Growing up in Oklahoma in the 1960s I had three major home-state heroes, who I still idolize today:
Mickey Mantle
Leroy Gordon Cooper
Roger Miller
In recent years I’ve referred to this trio as the Holy Okie Trinity.
As most my friends and loved ones know, I’m not a big sports fan. But when I was a kid just about everyone I knew loved Mickey Mantle, as well as his team, the New York Yankees, who always seemed to make it to the World Series back in the 1960s.
When I was in second or third grade, my family vacationed in San Diego and one night we got to go to Dodger Stadium to see the Yankees play the Los Angeles Angels. (That was my first Major League Baseball game I ever saw, and, for decades, my only Major League Baseball game, until I took my son, Anton, to see the Colorado Rockies in Denver a couple of times in the late ‘90s.) I was somewhat disappointed that neither Mickey nor Roger Marris hit a homerun that night. But good old Yogi Berra did.
Though my love of baseball didn’t endure, my affection for Mickey never died.
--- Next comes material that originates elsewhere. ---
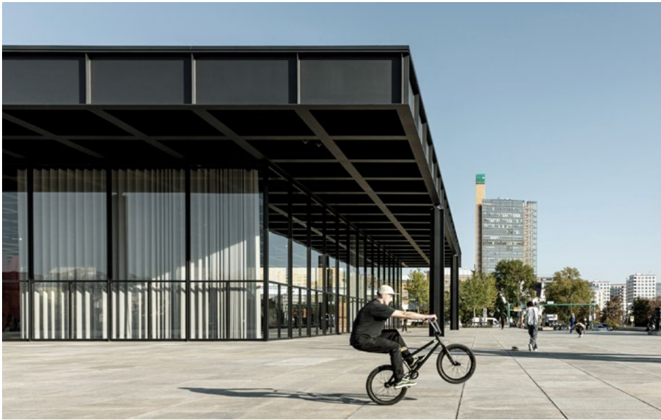
Steel and glass façade, © Ute Zscharnt for David Chipperfield Architects

Planning options 2 and 3 were discarded because the interventions would have profoundly changed the historic structure. A far-reaching energetic retrofitting was therefore renounced in favour of preserving the existing appearance.

Toward the end of his life I got in an argument with an editor who thought it was shameful and unfair that Mickey got a liver transplant -- for the cirrhosis he was suffering after years of alcoholism – cutting ahead of others, who had been waiting years or a transplant. “But he’s MICKEY FUCKING MANTLE!” I countered. Seemed like a good argument at the time.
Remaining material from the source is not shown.